Why/How are you assuming the reader will read from the cache? The very definition of volatile means that this read will not be read from the cache! I'd check the generated ASM before assuming that's how it'd work. And read this: http://lwn.net/Articles/233479/
Because it does. Are you sure you aren't misunderstanding the meaning of volatile in C99 (and the C++03 standard has the same semantics for volatile as C99, it even refers back to C99 in a footnote)?
The C standard has no notion of the memory hierarchy and therefore does not know or care about the processor cache. Volatile means that reading/writing from/to volatile variables must strictly follow the rules of the abstract machine, and not bypass these rules as an optimization. When people say that volatile means that the value may not be cached, they mean that the variable MUST be written to or read from every time it is accessed. This means it may not be cached in a register or otherwise avoid the actual variable access as an optimization, that is, that it may not bypass interacting with the abstract machine. What this means is that a memory read or write must be issued, but the existance of processor caches (L1, L2, L3) is outside the scope of the abstract machine and is a platform detail.
On x86 and x86-64, reading or writing memory using temporal load and store instructions lets the CPU, if it feels like it, cache the value in the processor cache. As far as C knows or cares, its in memory, but its up to the CPU to decide if it actually is or not. This means that in practice, if the variable is accessed often, it would be in L1 or L2 cache and reading it would be quite fast. When writing to it (since it is volatile, a write is a store to memory instead of a mov to a register), the processor sees that the cache has changed and invalidates it for other cores, so the next read would hit main memory and get the new value.
Note that non of this is visible in the generated ASM (unless the compiler generated non-temporal loads/stores, in which case the rocessor cache would be bypassed), as it is applied transparently by the processor.
For the record, before I wrote this code, I researched it a lot. Also, Arch Robinson, the architect behind Intel Threading Building Blocks, in the comments to his article on volatile, confirmed that this works (at least on intel platforms). Furthermore, nothing I've read in the standard or other articles (such as the one you linked) contradict my assumptions. Note that anywhere I have tested this, it works as expected. I am interested in hearing if I overlooked soemthing fundamental, though, especially when porting to ARM (which, for example, may require additional instructions to make writes visible to other cores, something volatile will NOT do).
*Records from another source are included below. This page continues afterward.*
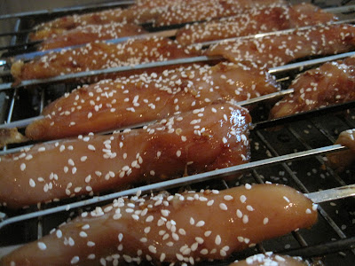 Mix marinade ingredients and pour over chicken. Marinade at least 1 hour. Two or three hours is ideal. Skewer chicken and sprinkle with sesame seeds. Grill or broil 8-10 minutes, turning once while cooking.
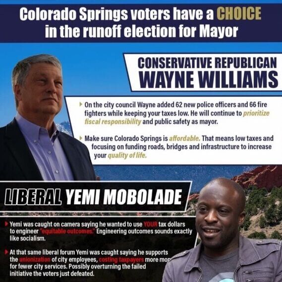 A new digital ad from Colorado Springs mayoral candidate Wayne Williams’ campaign hit social media this week, presenting him as the conservative Republican candidate Colorado Springs should choose over his “liberal” opponent in the nonpartisan race, Yemi Mobolade.
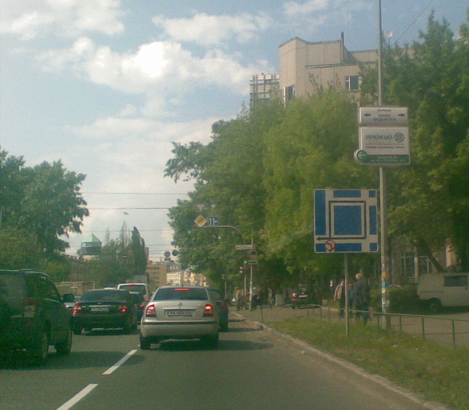 50% не видят огромного щита и знака "движение по полосам", и успешно поворачиваеют с Боженка на Протасов (со стороны Лыбедской), некоторые умудряются это делать по старинке - со второго ряда. Изредка проезжают далее. На картинке схема, как заехать на Протасов со стороны Боженка от Лыбедской
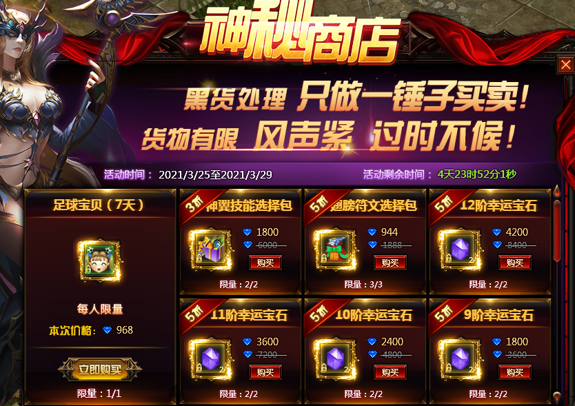 活动内容:神秘商品限时折扣,货物稀有,难得一见,快来选购吧。
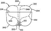 図7Aに例示されている編組210の所定の形状と図1Aに例示されている編組110の所定の形状とを比較すると、外側セグメント142、242及び中間セグメント144、244は、それぞれ、互いに類似しており、図7Aに例示されている編組210の内側セグメント248は、図1Aに例示されている編組110の内側セグメント146よりも長い。図7A中の編組210の挟持端部212は、図1Aに例示されている内側セグメント146の近傍の反転部124の近傍よりもむしろ、外側セグメント242に隣接する反転部222の近傍に位置決めされる。図7Aに例示されている細長い内側セグメント248は、図7Bに例示されているとおりに埋め込まれた場合、インプラント200が圧縮に耐性を示す一助となるように位置決めされ得る。 Comparing the predetermined shape of the
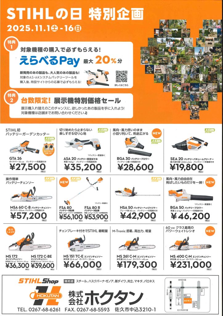 長野県佐久市でチェーンソー、薪割機など林業機械・草刈り機や農機具など機械の販売・修理なら株式会社ホクタンにお任せください。
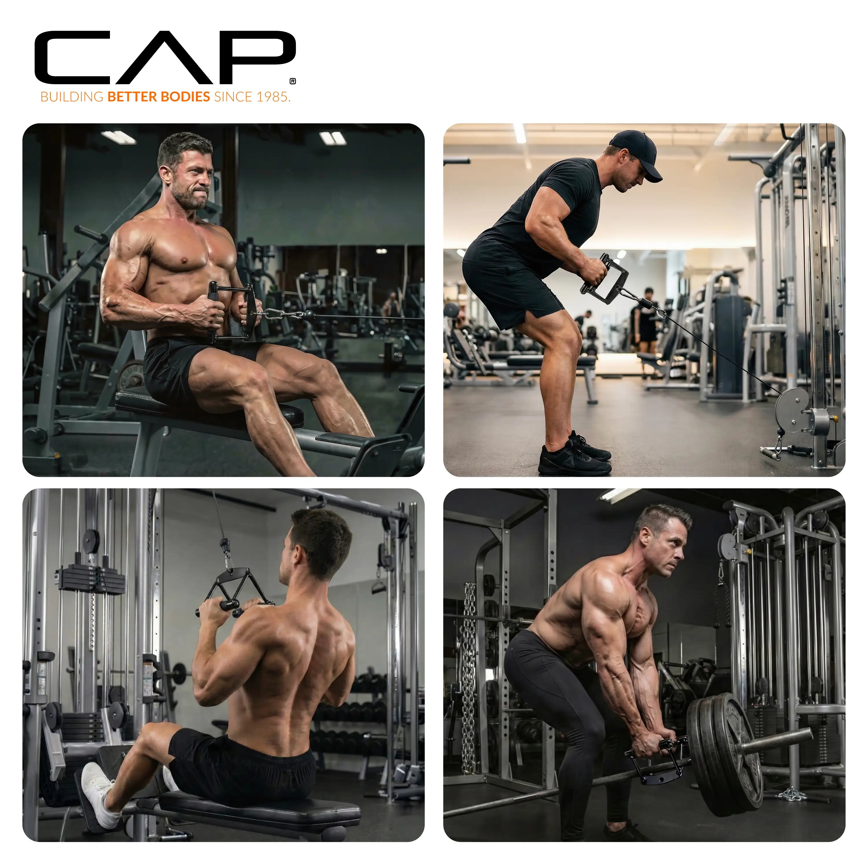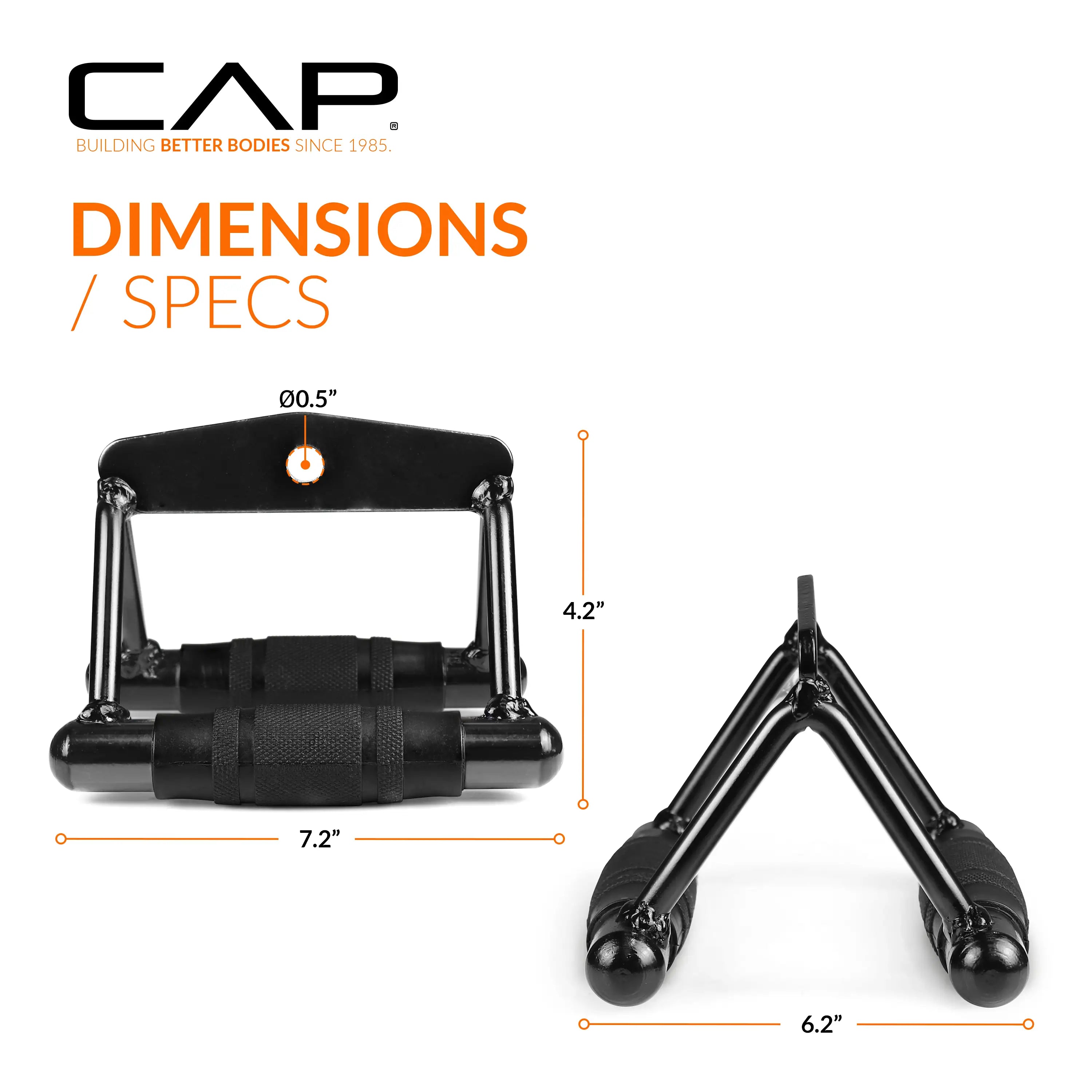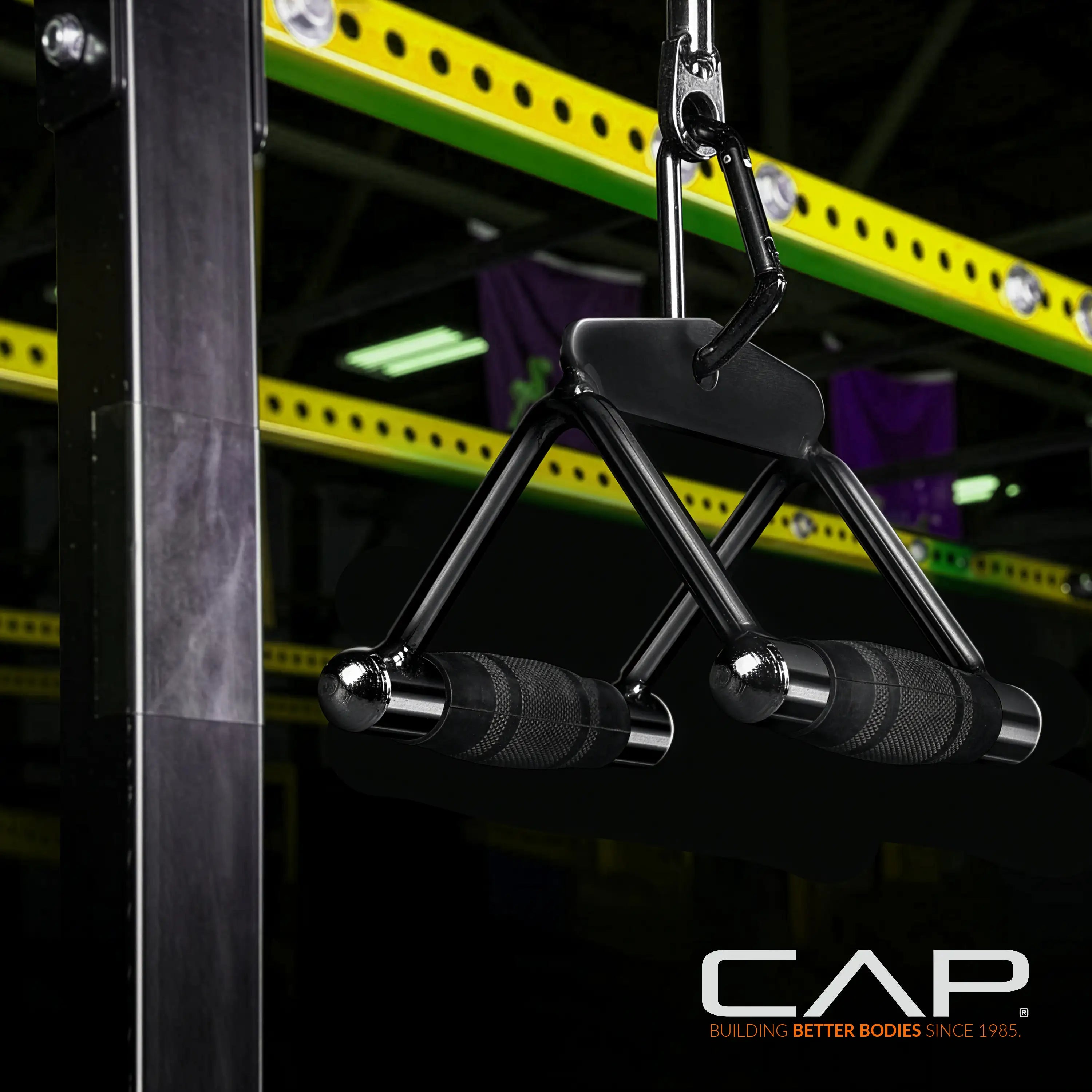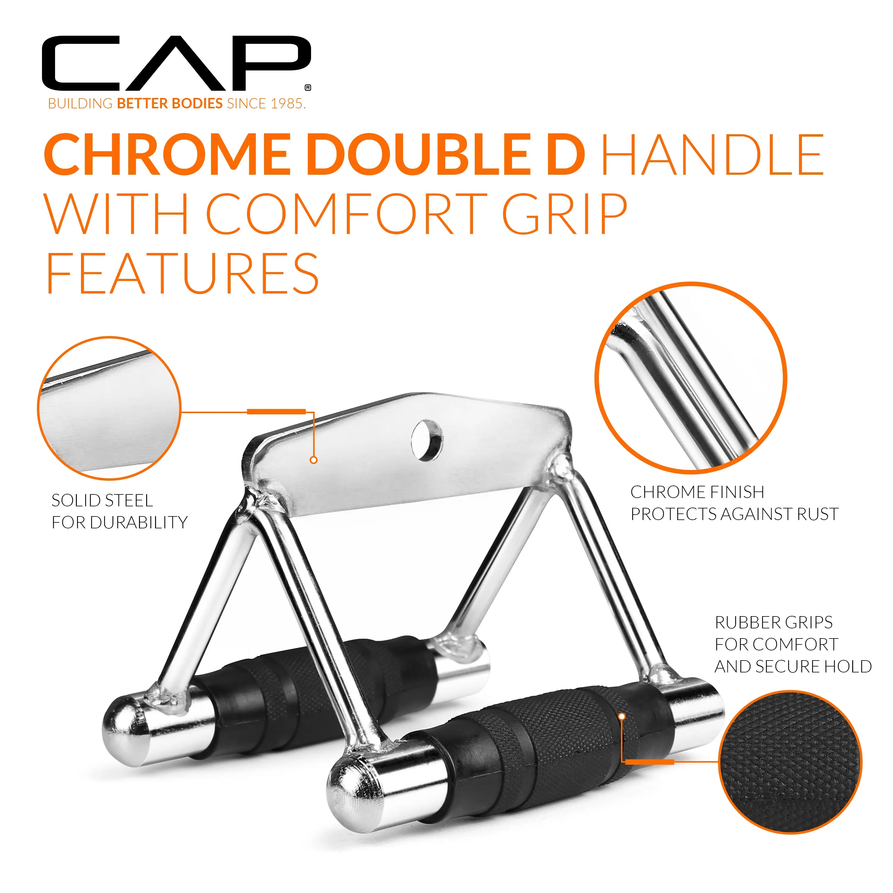 The CAP Rubber Grip Double D handle, constructed of solid steel with rubber hand grips, was designed for low row and upright row exercises. This bar offers better gripping power and is chrome plated for a high-end look. Attach this CAP Double D-Handle to your home gym and start toning those back muscles.
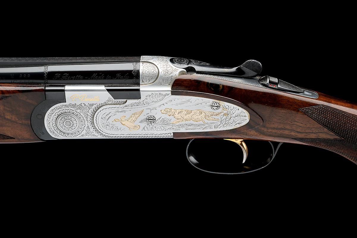 dated 1999, 29 1/2in. nitro barrels with 6mm ventilated matt top-rib, 3in. chambers, multichokes (with spares), hold-open toplever, manual safety with integral barrel selector switch, gold-washed adjustable single trigger, acanthus scroll engraving, the decorative sideplates with gold-inlaid scenes of hound and fowl, the underside gold-inlaid with a pheasant, 14 1/2in. semi-pistolgrip stock including 1in. wooden extension, weight 6lb. 3oz., in its makers universal case
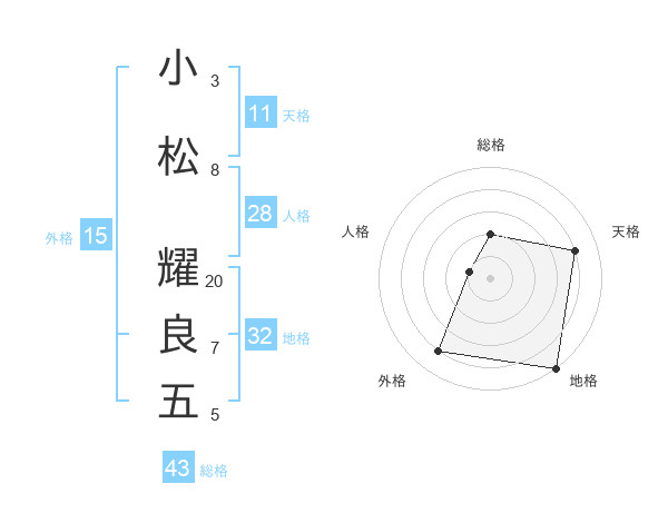 小松 耀良五さんを姓名の画数から五運を鑑定
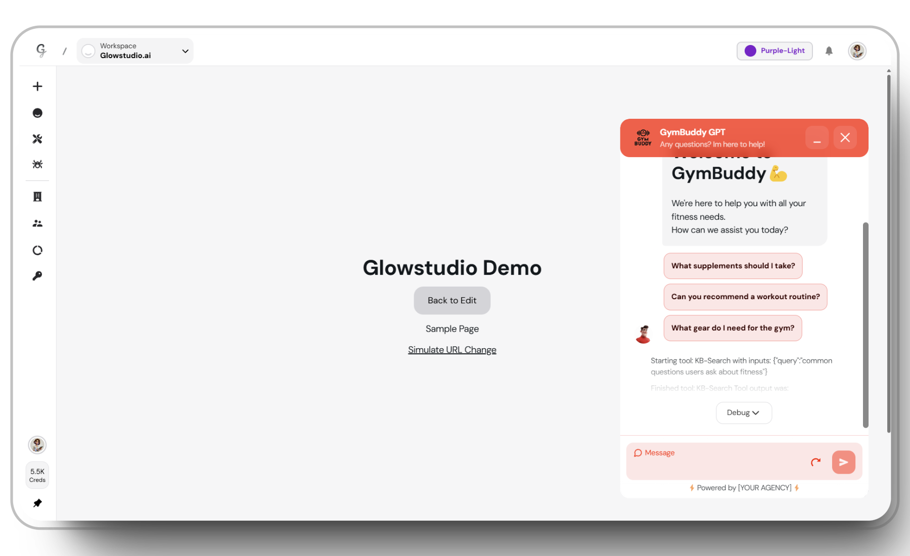 - It’s not always easy to visualize how the agent will look on a website. The demo link lets you test it out in chat bubble format, so you get an idea of how the agent will look your website.
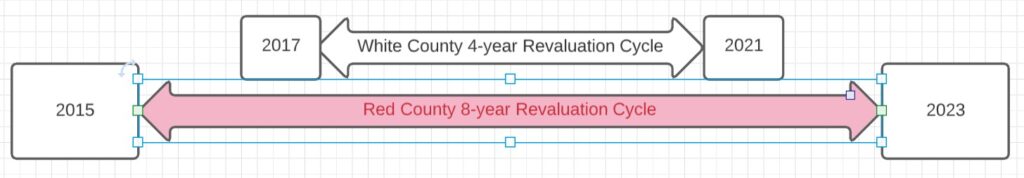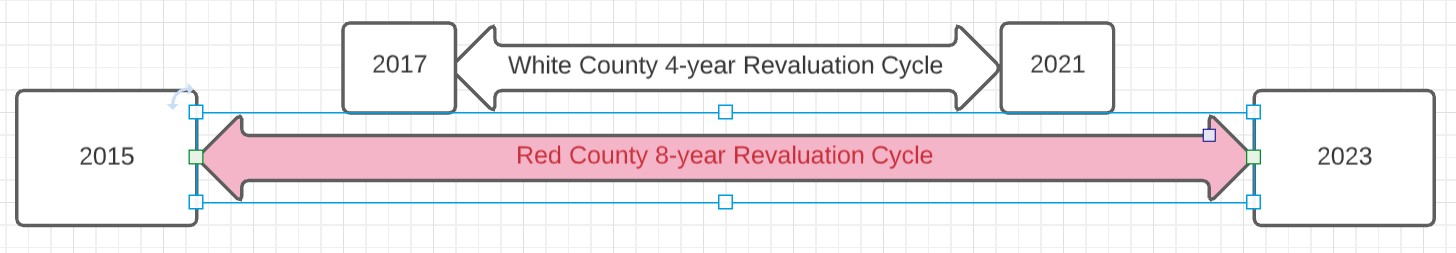 Pretend that Wolfpackville is in both Red County and White County. Red County is on an 8-year revaluation cycle, with revaluations in 2015 and 2023. White County is on a 4-year revaluation cycle, with revaluations in 2017 and 2021.
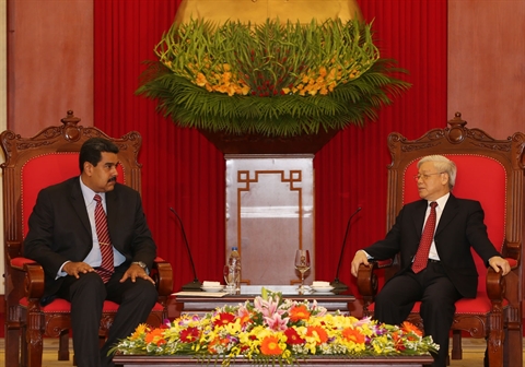 En recevant le dirigeant vénézuélien, le secrétaire général du Parti communiste du Vietnam (PCV), Nguyên Phu Trong, a qualifié sa visite d’«illustration vivante de l’amitié traditionnelle et de la coopération multiforme entre les deux pays».
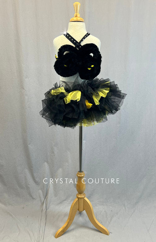 Custom Black & Yellow Bumble Bee Two Piece with Tulle Bustle - Rhinestones
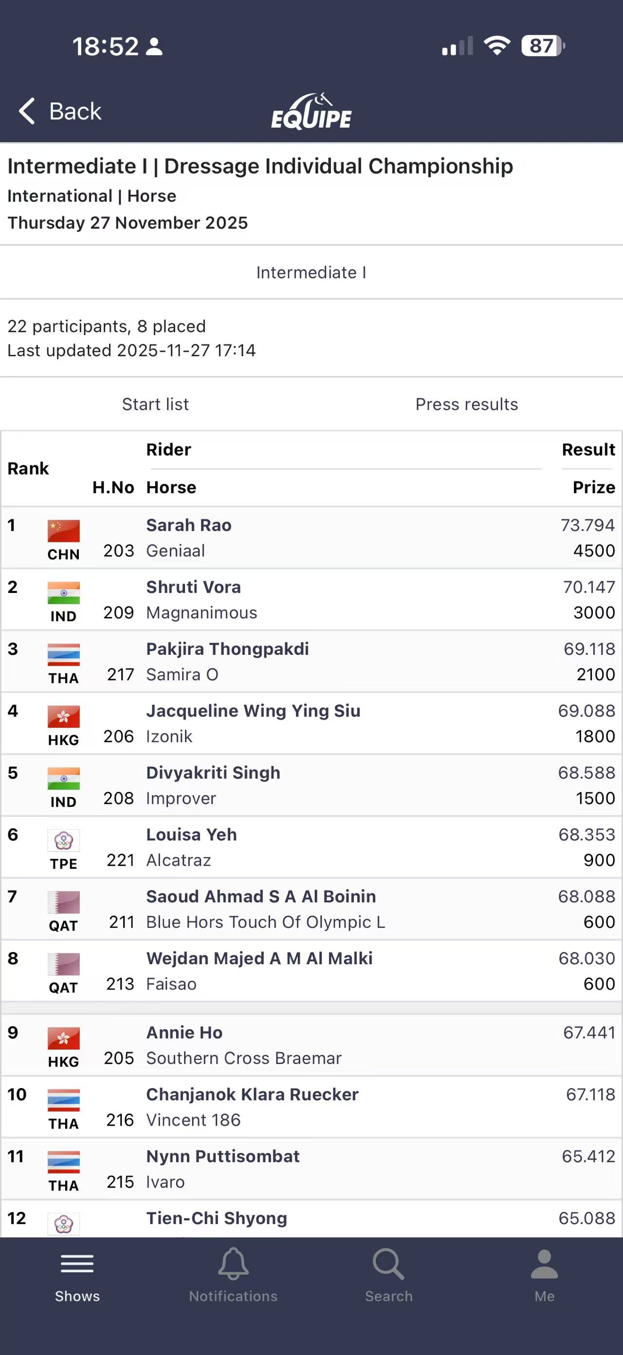 本屆亞錦賽盛裝舞步項(xiàng)目共有來自中國(guó)、中國(guó)香港、中國(guó)臺(tái)北、印度、泰國(guó)、卡塔爾、巴林、阿聯(lián)酋共8個(gè)國(guó)家和地區(qū)的22對(duì)人馬組合參賽,其中包括中國(guó)年僅18歲的年輕騎手劉驊之,她也在本屆賽事中完成了個(gè)人亞錦賽首秀。

The C standard only states:
An object that has volatile-qualified type may be
modified in ways unknown to the implementation or have
other unknown side effects. Therefore any expression
referring to such an object shall be evaluated strictly
according to the rules of the abstract machine, as
described in 5.1.2.3. Furthermore, at every sequence
point the value last stored in the object shall agree
with that prescribed by the abstract machine, except as
modified by the unknown factors mentioned previously.)
What constitutes an access to an object that has
volatile-qualified type is implementation-defined.
The only thing I can see that you'd have to worry about is the reads and writes to "flag". Technically, it's only assumed to be an atomic operation and while that's generally not a bad assumption for 8-bit variables on x86 SMP, it'll probably give you some trouble on Itanic and ARM. You may need to use an explicit memory barrier.
x86 or x86_64 SMP architectures will generally have an implicit memory barrier for all volatile reads/writes on simple data types, but I'm fairly sure this doesn't hold for ARM. In particular, Visual Studio 2005 and up will treat all volatile reads as membars with acquire semantics and all volatile writes as membars with release semantics.
If you have access to pthreads, a conditional variable would do the trick - but probably overkill. It all depends if you want to let pthreads worry about the portability and all the cpu-dependent ifdefs and ifndefs or if you're willing to code the membars in yourself.
If/when I port to ARM I will probably conditionally compile to use atomic operations (or at least an explicit memory barrier) when on ARM, but for my x86/x86-64 code, since I don't need to, I'd rather avoid it. As you said, it would be overkill.
Since this is the only case where I do something strange, I don't mind handling platform specific code myself. The rest of the codebase delegates such things to libraries.